Je peux vous sembler bien loin du contexte politique présent mais pas du tout. La politique que nous mettrons en oeuvre ensemble à l'assemblée et au gouvernement pour les cinq années à venir doit être pensée à partir de ces préoccupations. Les périodes de crise devraient être propices à la transformation en profondeur de nos schémas de pensées, de nos modèles de production et de consommation.
Avons-nous encore le choix ? Pouvons-nous prendre aujourd'hui, démocratiquement, des décisions qui nous permettront de sortir de la crise et de réinventer un système plus humain ou attendrons-nous encore jusqu'à ce que le réchauffement climatique conduise à de tels mouvements de populations et de guerres autour des ressources qu'il ne nous restera plus que les décisions autoritaires dont rêvent certains ?
Dans quelques jours va débuter le sommet Rio+20 où vont être discutées au niveau mondial les solutions au réchauffement climatique, à la préservation des ressources naturelles, à la déforestation, à la protection des biens communs, gageons que nous saurons mettre en oeuvre des solutions politiques fortes pour la décennie à venir.
Je me réjouis que ces derniers jours des signaux aient été lancés, quand la ministre de l'écologie Nicole Bricq publie la carte des forages de gaz de schistes qui nous concernent localement, pas très loin d'ici en Dordogne, quand elle décide de suspendre les permis de forages d'hydrocarbures de la compagnie Shell au large de la Guyane afin de veiller à la préservation des fonds marins.

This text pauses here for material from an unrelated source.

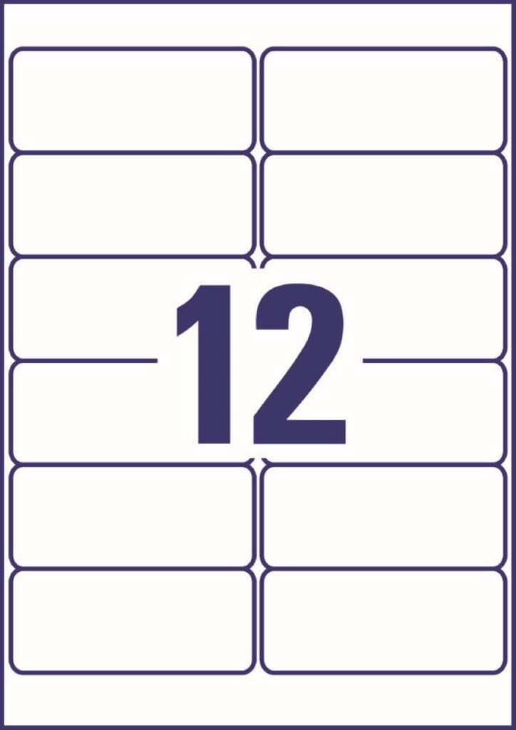 rozměr 99,1×42,3 mm, 20 archů A4, 240 ks etiket v balení (12 ks/arch), PET fólie, snímatelné lepidlo, barva bílá. Typ tiskárny: černobílá laserová, barevná laserová.
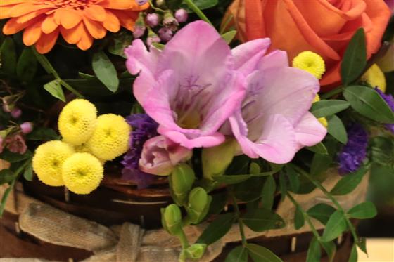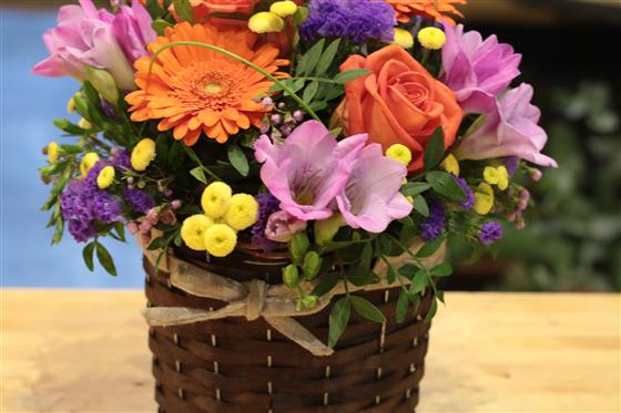 A bright and cheerful basket arrangement of oranges, purples and golds including mini gerberas, roses, statice and scented freesia.

Pour en revenir à notre 12e circonscription, nous pouvons d'ores et déjà mettre en oeuvre ensemble des solutions locales, en élaborant des plans de développement du territoire qui soient vraiment au service des populations et qui préservent son patrimoine naturel. Nous, écologistes, serons toujours disponibles pour travailler avec vous dans ce sens.
Pour terminer je voudrai remercier encore une fois Martine Faure de nous associer à sa victoire de dimanche prochain qui, j'en suis convaincue, sera large et brillante. Cette victoire est d'autant plus nécessaire qu'on a bien vu que, Sarkozy battu, rien n'a changé à droite. Au cours de cette campagne des législatives, les derniers masques sont tombés, les prises de position de l'UMP ont montré que son idéologie est profondément grangrenée par les idées de l'extrême droite.
Le combat ne fait que commencer pour construire ensemble une République des droits vraiment universels, une République solidaire, écologique et sociale.